▸ **Your objective**: Transcribe, exactly and without pictures, the lines below from the line with "Elle s’accroche à" to the line with "1278(弘安元)年から12", both ends included, and no others.

▸ **Records shown**:
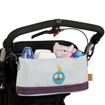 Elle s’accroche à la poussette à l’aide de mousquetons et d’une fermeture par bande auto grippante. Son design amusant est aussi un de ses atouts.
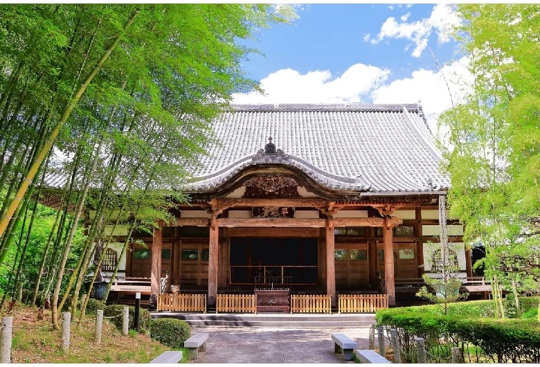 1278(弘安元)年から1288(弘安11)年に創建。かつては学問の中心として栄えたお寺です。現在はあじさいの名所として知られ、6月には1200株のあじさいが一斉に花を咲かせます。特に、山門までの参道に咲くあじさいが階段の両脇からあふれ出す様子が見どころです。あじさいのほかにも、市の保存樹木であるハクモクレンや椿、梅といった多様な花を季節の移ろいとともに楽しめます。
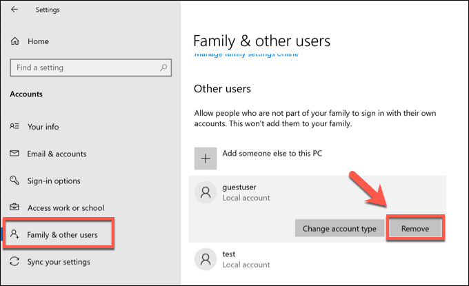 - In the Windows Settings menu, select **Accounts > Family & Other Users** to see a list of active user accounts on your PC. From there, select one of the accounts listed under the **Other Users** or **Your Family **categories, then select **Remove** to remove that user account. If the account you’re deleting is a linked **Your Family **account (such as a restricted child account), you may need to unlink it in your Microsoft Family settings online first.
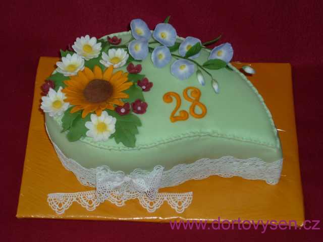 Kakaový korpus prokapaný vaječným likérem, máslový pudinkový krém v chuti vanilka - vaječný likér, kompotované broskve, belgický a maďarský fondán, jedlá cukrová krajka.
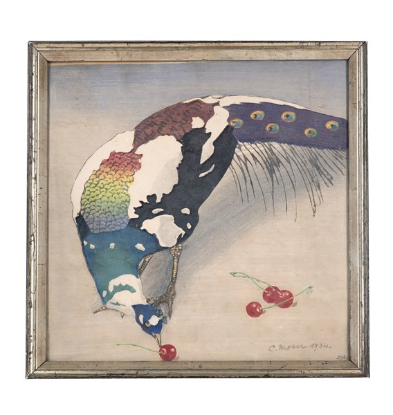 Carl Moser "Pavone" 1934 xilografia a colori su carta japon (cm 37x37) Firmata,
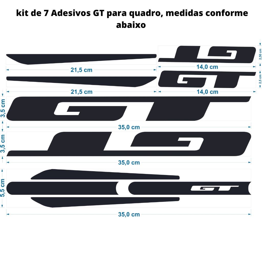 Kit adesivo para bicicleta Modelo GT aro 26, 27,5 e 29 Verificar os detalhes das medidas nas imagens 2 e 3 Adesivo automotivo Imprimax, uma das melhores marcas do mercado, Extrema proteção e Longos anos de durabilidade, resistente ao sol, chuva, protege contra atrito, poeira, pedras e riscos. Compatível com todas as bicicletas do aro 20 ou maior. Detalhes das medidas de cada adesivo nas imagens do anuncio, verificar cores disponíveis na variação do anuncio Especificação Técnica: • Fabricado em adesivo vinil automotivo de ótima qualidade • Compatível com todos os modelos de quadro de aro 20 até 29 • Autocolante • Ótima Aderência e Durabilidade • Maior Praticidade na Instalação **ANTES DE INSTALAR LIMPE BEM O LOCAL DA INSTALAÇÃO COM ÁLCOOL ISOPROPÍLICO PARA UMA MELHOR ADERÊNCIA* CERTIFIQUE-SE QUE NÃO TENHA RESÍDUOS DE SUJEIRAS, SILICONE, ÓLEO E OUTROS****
==
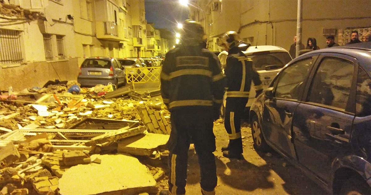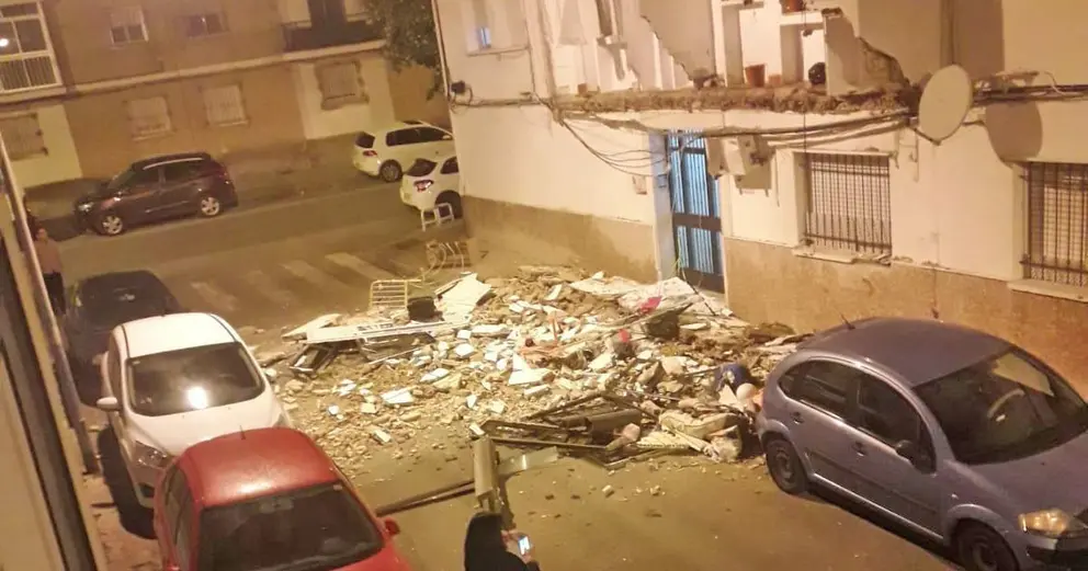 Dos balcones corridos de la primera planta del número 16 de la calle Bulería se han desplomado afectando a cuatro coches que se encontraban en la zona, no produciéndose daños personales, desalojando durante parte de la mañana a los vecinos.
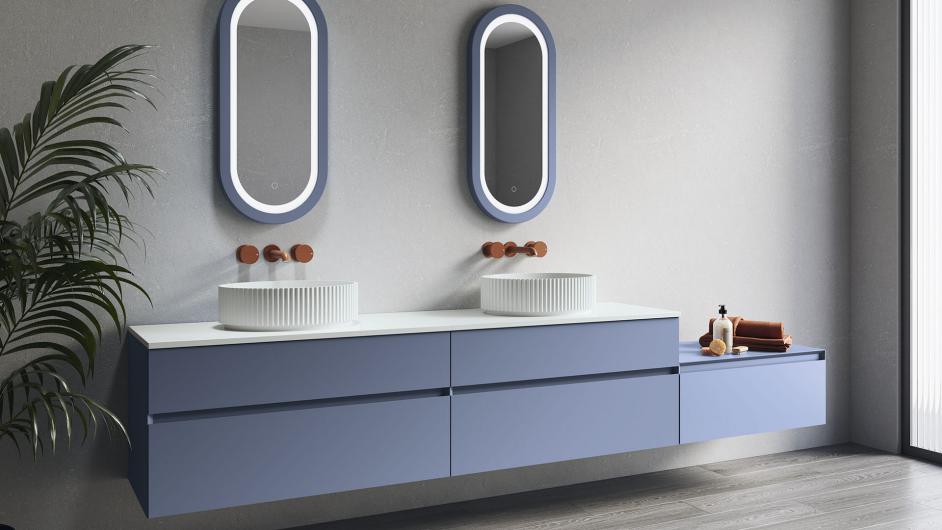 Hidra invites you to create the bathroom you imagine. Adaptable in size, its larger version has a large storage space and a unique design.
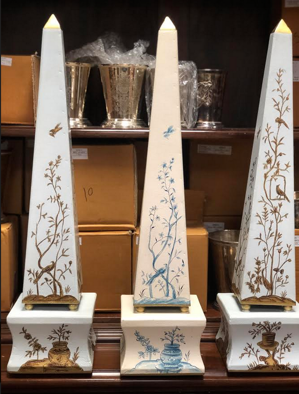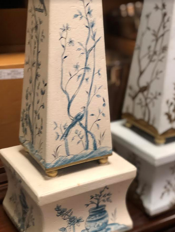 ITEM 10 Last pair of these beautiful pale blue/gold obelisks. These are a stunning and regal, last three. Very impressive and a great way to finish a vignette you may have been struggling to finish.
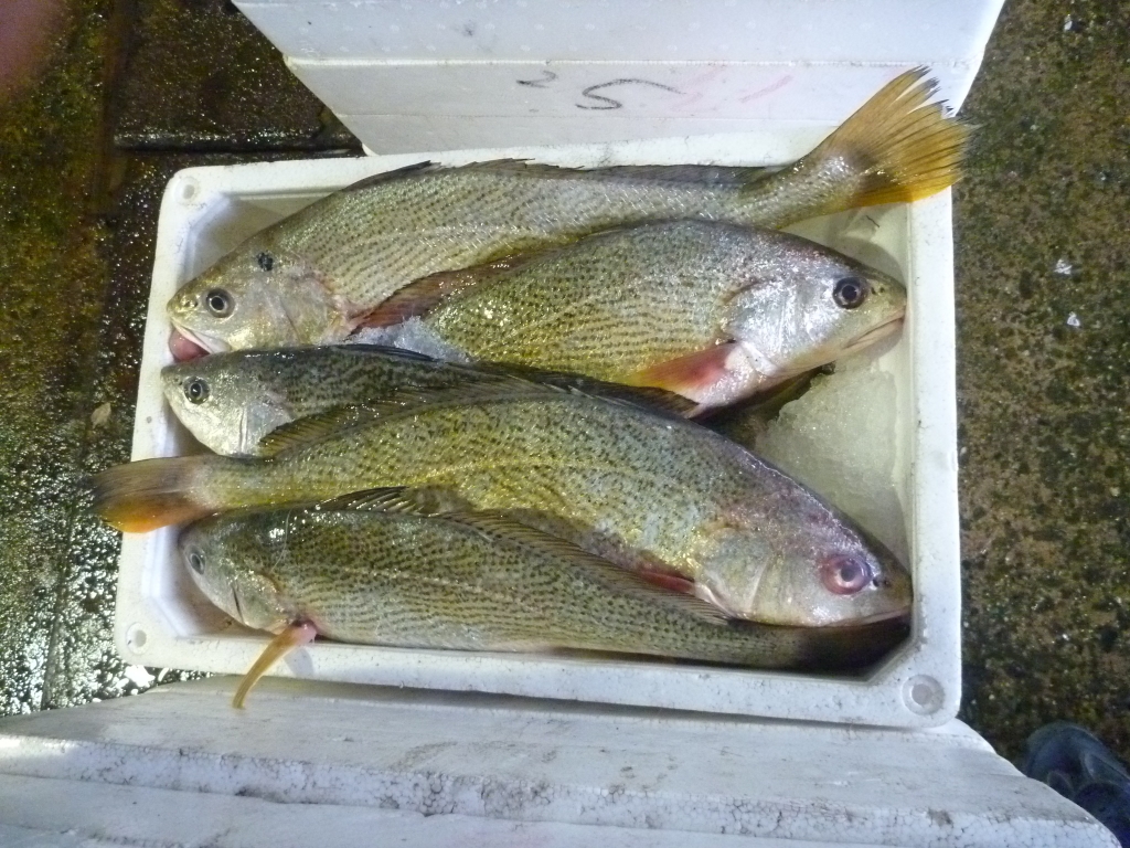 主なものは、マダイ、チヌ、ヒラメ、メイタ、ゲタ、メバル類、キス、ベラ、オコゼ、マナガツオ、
--
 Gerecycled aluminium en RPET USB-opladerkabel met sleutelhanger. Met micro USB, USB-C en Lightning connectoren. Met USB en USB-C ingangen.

▸ **Response to this task**:
 Elle s’accroche à la poussette à l’aide de mousquetons et d’une fermeture par bande auto grippante. Son design amusant est aussi un de ses atouts.
 1278(弘安元)年から1288(弘安11)年に創建。かつては学問の中心として栄えたお寺です。現在はあじさいの名所として知られ、6月には1200株のあじさいが一斉に花を咲かせます。特に、山門までの参道に咲くあじさいが階段の両脇からあふれ出す様子が見どころです。あじさいのほかにも、市の保存樹木であるハクモクレンや椿、梅といった多様な花を季節の移ろいとともに楽しめます。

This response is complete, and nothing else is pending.